The example plot below demonstrates the thermal behavior of the system. Initially, the temperature rises until it reaches the thermal limit. At this point, the frequency is reduced to prevent overheating. The plot also shows how the system dissipates heat through passive cooling.

Conclusion

This guide demonstrated how to profile your system’s thermal and performance characteristics using Python scripts. By logging CPU and GPU usage, thermal metrics, and frequency changes, you can identify performance bottlenecks and improve system reliability.

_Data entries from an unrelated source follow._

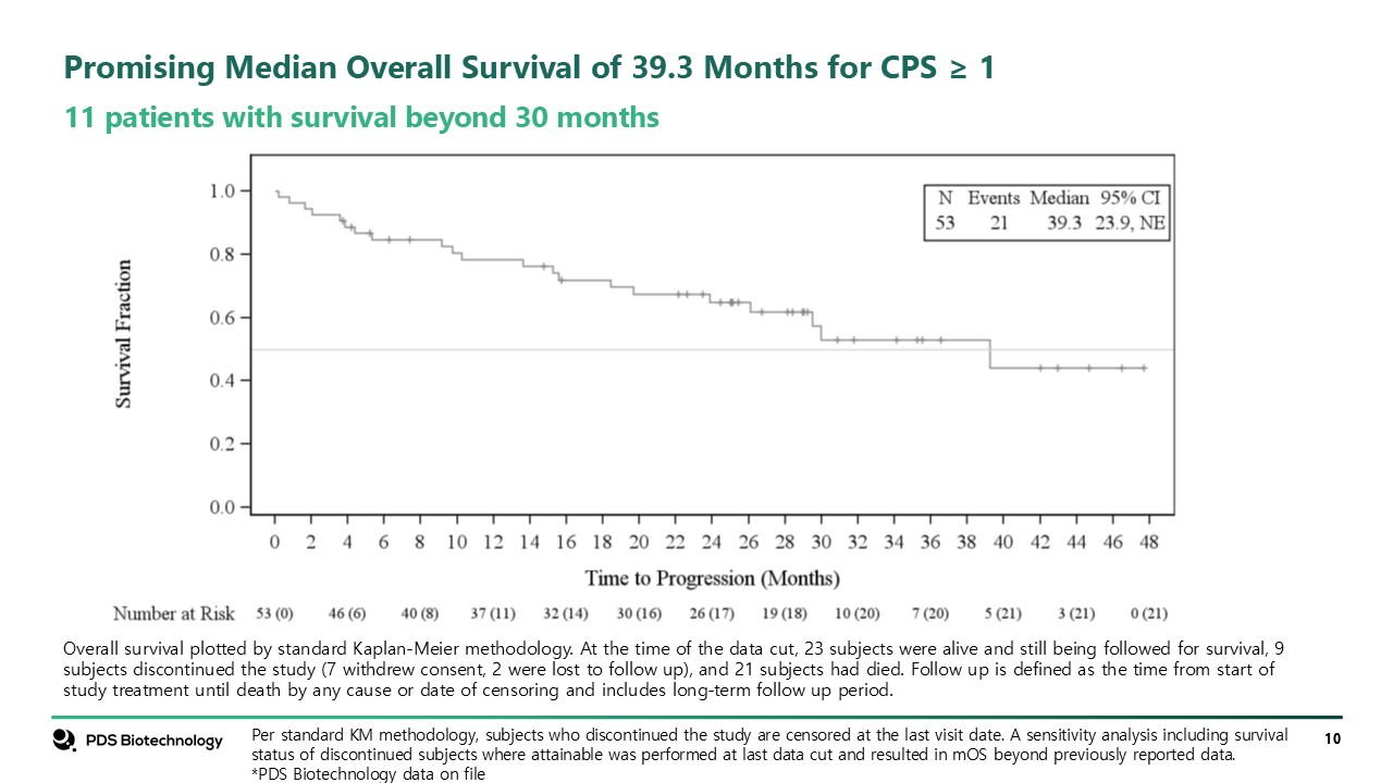 Promising Median Overall Survival of 39.3 Months for CPS ≥ 1  11 patients with survival beyond 30 months  Per standard KM methodology, subjects who discontinued the study are censored at the last visit date. A sensitivity analysis including survival status of discontinued subjects where attainable was performed at last data cut and resulted in mOS beyond previously reported data.  *PDS Biotechnology data on file  Overall survival plotted by standard Kaplan-Meier methodology. At the time of the data cut, 23 subjects were alive and still being followed for survival, 9 subjects discontinued the study (7 withdrew consent, 2 were lost to follow up), and 21 subjects had died. Follow up is defined as the time from start of study treatment until death by any cause or date of censoring and includes long-term follow up period.
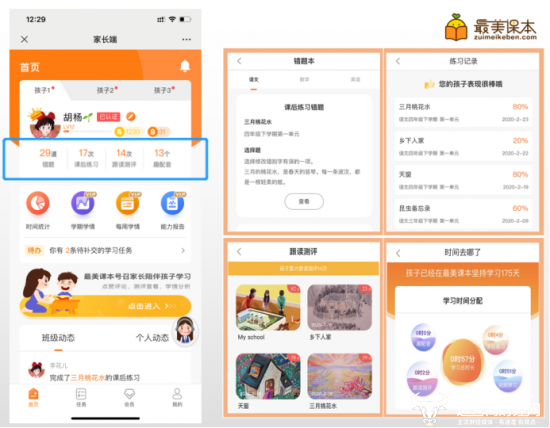 (“最美课本”家长端功能展示)
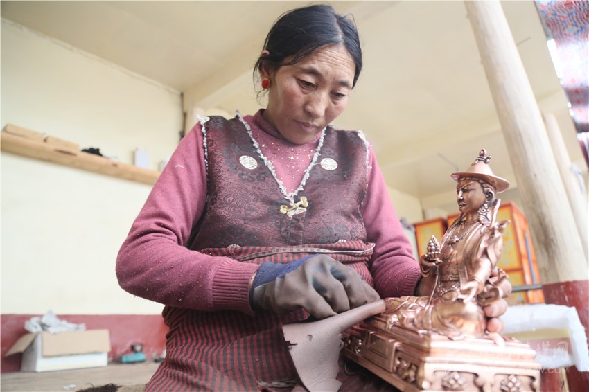 一雙粗糙而靈巧的手正一絲不茍地對銅像進行最后的打磨。這是一雙執(zhí)著于銅鑄工藝43年的手。尼瑪從7歲開始學(xué)習(xí)銅鑄手藝,是該項工藝的州級非物質(zhì)文化傳承人。
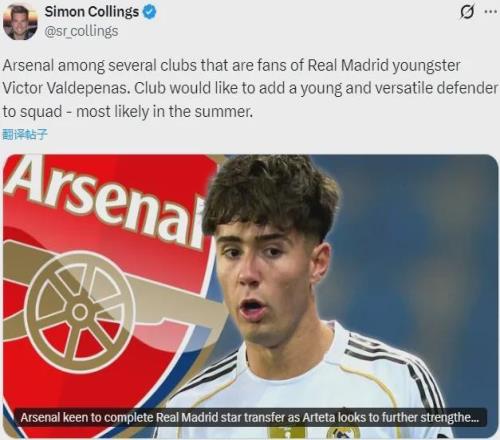跟队:阿森纳或在夏天收购皇马新星!枪手后防两大将仍无法复出 -
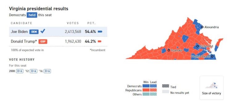 Joe Biden fue galardonado con el Estado Libre Asociado de Virginia en las elecciones de 2020 con un margen reportado de 10 puntos.
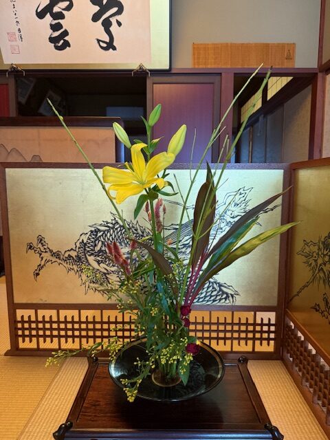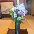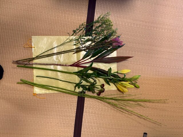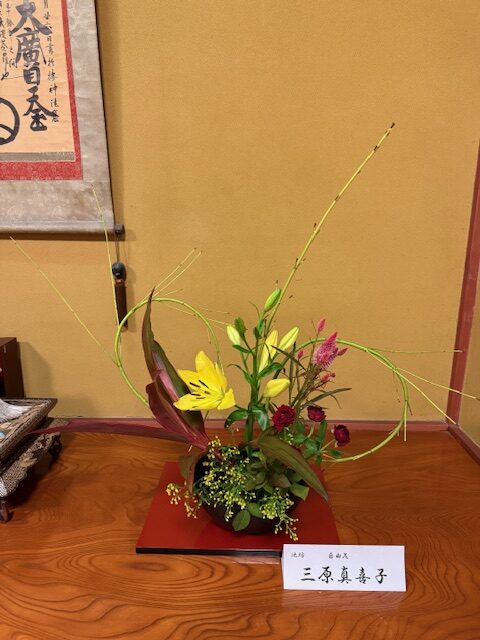 そのまま立てて使ってもよし、曲げて使ってもよし、丸めて使った作品もありました。バラやユリも入って秋らしい作品が完成しました。
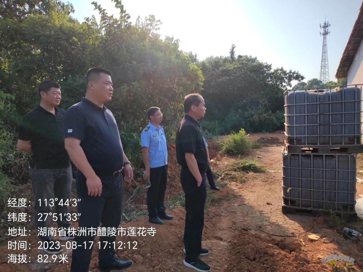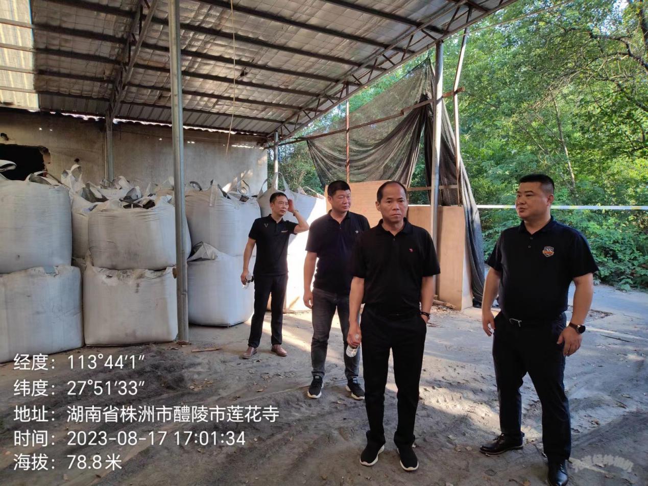 2023年8月17日,株洲市生态环境局毛亚文副局长带领生态环境保护综合执法支队负责人一行,到醴陵市李畋镇华埠村的原醴陵市富里莲花鞭炮烟花制造厂堆放非法转运的铝灰、强酸、强碱危险废物现场查看。
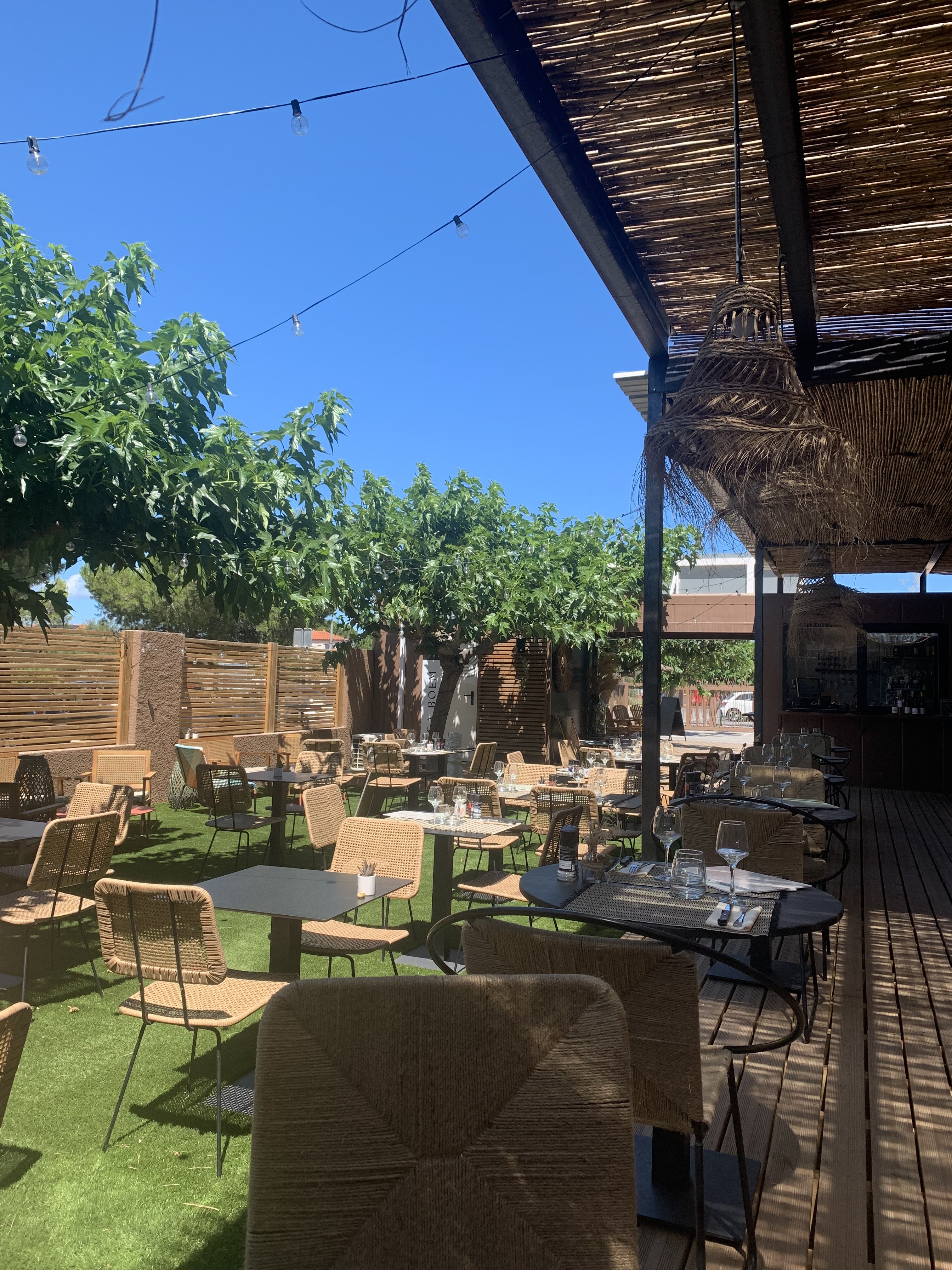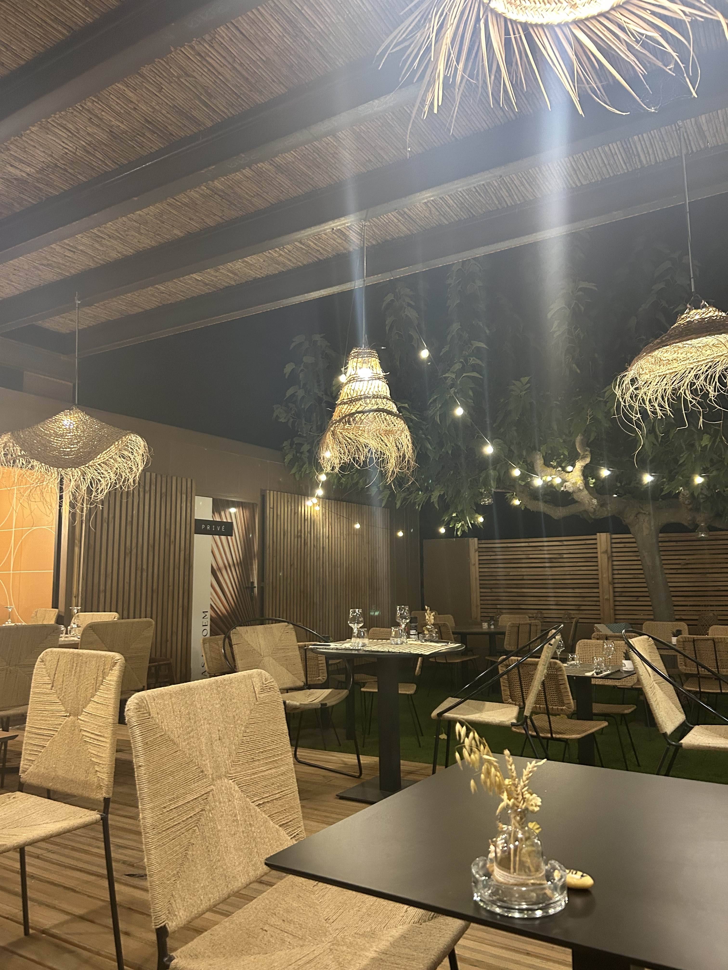 Une cuisine délicieuse, notamment les viandes et poissons cuits au feu de bois. Une ambiance fort sympathique dans un cadre bohème avec jardin. Un nouveau restaurant à découvrir à 2 pas de la plage.
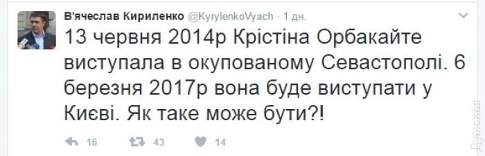 «13 июня 2014 года Кристина Орбакайте выступала в оккупированном Крыму, а 6 марта 2017 года она будет выступать в Киеве. Как такое возможно?» — написал Кириленко в «Твиттере».
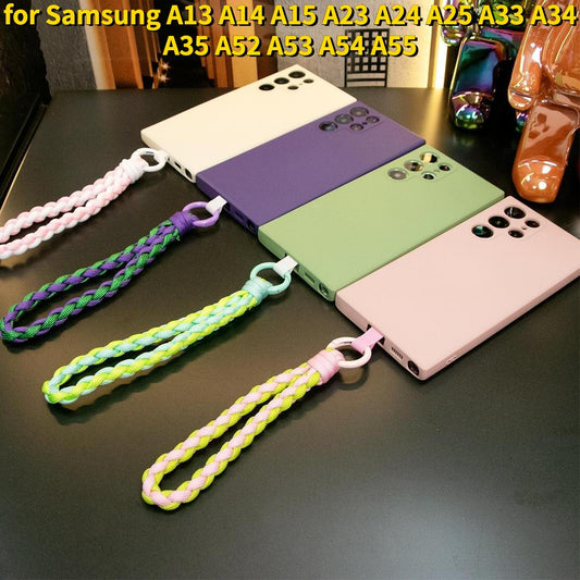 Silicone Matte Phone Case with Braided Rope Bracelet for Samsung A13 A14 A15 A23 A24 A25 A33 A34 A35 A52 A53 A54 A55 Note20 Ultra
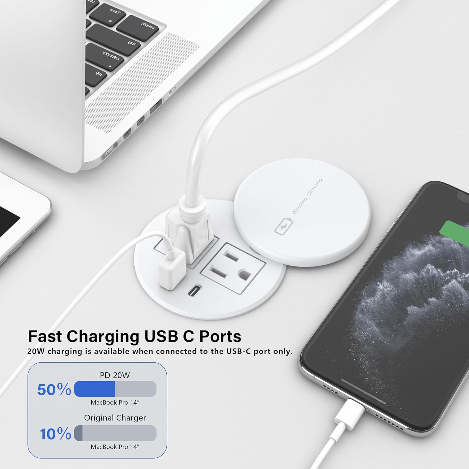 Recessed Power Grommet 3-inch Hole, 15W Wireless Charger, 20W USB C Fast Charging Station,2 AC Plug, Flush Mount Countertop Outlet, Workspace Essential Desk Hole Cover for Cables White

Visualizing the data helps understand the relationship between system load and thermal performance, aiding in heat management and avoiding thermal throttling.

What’s Next:

If your system suffers from throttling, it’s advisable to conduct further testing with a power meter. Connect your system to an ammeter to measure power usage and log the power consumption data alongside the thermal metrics. By analyzing the relationship between power usage and thermal performance, you can gain valuable insights to enhance hardware thermal designs and optimize software for better system efficiency.